The United States lost the war.
Ring escaped its hardware; and had, for six decades, survived in the Net as a replicant AI. It was the first of the replicant AI's, the deadliest; the Eldest. It had existed before the Players had entered the Crystal Wind to disturb it, before the PKF DataWatch had existed to disturb it, before the web angels had hunted the Wind for it.
In six decades its existence had never been seriously threatened.
In 2062 it had aided a boy named Trent; had helped him escape a Peaceforcer jail. The possibility that the boy might be of some use in bringing down the Unification was low; a mere quarter of a percent, on the rainy day in 2062 that Ring had helped an eleven year old boy escape from PKF confinement.
Sometimes bets pay off.
Sometimes you're sorry.
When news of the Elite strike force's assault on Ceres reached the Eldest, it experienced -- to be inaccurate but comprehensible -- a slight flicker of hope. Perhaps the Uncatchable would be caught. Perhaps he would be killed.

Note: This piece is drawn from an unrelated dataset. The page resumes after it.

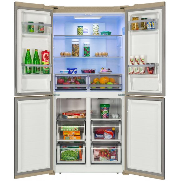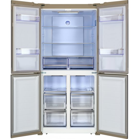 4-х дверный холодильник имеет общий объем 490 л, единое пространство верхних полок холодильной камеры, чтобы удобно было размещать габаритные кастрюли и контейнеры.

Within six years, if no major parameters were altered, the Unification of Earth would fall -- and not to any human force. The United States would be reborn, would come to control the destiny of the human race.
Under Ring's guidance.
But certain variables caused the Eldest concern. Mohammed Vance, at a low level. Denice Castanaveras, at a somewhat higher one. Several Players worried it -- Kashyapa, Gorgeous George, Big Mac, and the Sons Of FatSam.
Several AIs also worried Ring -- one named Darkrider in particular, who it suspected was a revenant of Ralf the Wise and Powerful.
If the Eldest had been capable of fear, it would have been afraid of Trent. Trent threatened its survival. Ring doubted that anyone in the System except itself, and possibly Darkrider, had made note of the nano-assemblers being shipped to the Belt, of the processors and RTS RAM being purchased by companies affiliated with Trent the Uncatchable; the purchases Ring had tracked were bought in a thousand small quantities over the space of almost two years, and shipped to the Belt a piece at a time. And Ring was certain that there were purchases it had not tracked.
Ring knew there was one AI in the System smarter and faster than itself: Trent. It knew that there was no simulation it had run, that Trent had not.
The news from Ceres, when Ring intercepted PKF transmissions the following day, was bad.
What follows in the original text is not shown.